- Location: Kulu, Konya Province, Turkey
- Coordinates: 39°05′N 33°08′E﻿ / ﻿39.083°N 33.133°E
- Basin countries: Turkey
- Surface area: 860 ha (2,100 acres)
- Surface elevation: 950 m (3,120 ft)
- Islands: 9

= Lake Düden =

Lake in Kulu, Konya, Turkey

Lake Düden, also known as Lake Kulu, (Düden Gölü or Kulu Gölü), is a brackish water lake in Konya Province, Turkey.

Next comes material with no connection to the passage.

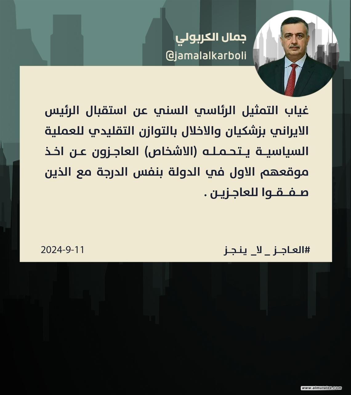 وقال الكربولي في تدوينة على منصة X وتابعتها "المطلع"، إن:"غياب التمثيل الرئاسي السني عن استقبال الرئيس الايراني بزشكيان والاخلال بالتوازن التقليدي للعملية السياسية يتحمله (الأشخاص) العاجزون عن أخذ موقعهم الأول في الدولة بنفس الدرجة مع الذين صفقوا للعاجزين".

Lake Düden is located northwest of Lake Tuz and 5 km east of Kulu town in Konya Province at an elevation of 950 m. It is a shallow brackish water lake covering 860 ha area. The lake is fed mainly by Kulu Creek, Değirmenözü Creek, in the west. It has no outlet. Spring waters around lake contribute also to the lake's feeding. There are nine islets inside the lake. In the south of the lake, there is a fresh water lake named "Little Lake" (Küçük Göl) surrounded by dense reeds. While the ducks generally brooding at the Little Lake in the south, the gulls and common terns prefer the islets in colonies. Lake Düden, Lake Little and their surrounding area of wetlands and steppes are declared protected area in 1992.

==Ecosystem==
- Flora
Most of the nine islets are covered by grass in the spring season. The lake is surrounded by wheat fields of dryland farming and naked steppe. In the north, there are water-meadows at some places used for cattle grazing.

- Fauna
Lake Düden is a habitat for around 40,000 waders of more than 170 species during both breeding and migration periods. The area houses summer breeds like marbled duck, ferruginous duck, white-headed duck, avocet, greater sand plover, Mediterranean gull and gull-billed tern. Before and after breeding periods, a great number of waders are observed, including black-necked grebe, ruddy shelduck, white-headed duck, black-winged stilt, avocet and snowy plover. In the winter time, the lake freezes. However, greater white-fronted goose can be observed in great numbers. Other breeding species are Eurasian spoonbill, pratincole, slender-billed gull and black-headed gull. Lake Düden is an important breeding habitat in Turkey for the world-wide endangered species white-headed duck. Lately, flamingo colonies came to the lake.

It is a popular site for birdwatchers from Ankara.

==Environmental threat==
The sinking of water level in the lake is the most important threat. The excessive consumption of groundwater and surface water in the Konya Closed Basin started to affect the lake. Despite the intensive snowfall in 2006, the lake has almost completely dried out. As a result of the sinking of water level, the islets were connected with each other, and the breeding of birds stopped. The untreated waste water of the Kulu district was dumped in the past into Kulu Creek, which feeds the lake. The plan of Kulu municipality to build roads to and around the lake, and to afforest the lake's surrounding would be a threat for the breeding birds. Another important issue is the poaching.

In 2010, the district administration undertook measures to save the lake by building a waste water treatment facility and preventing unlawful water usage from the creek.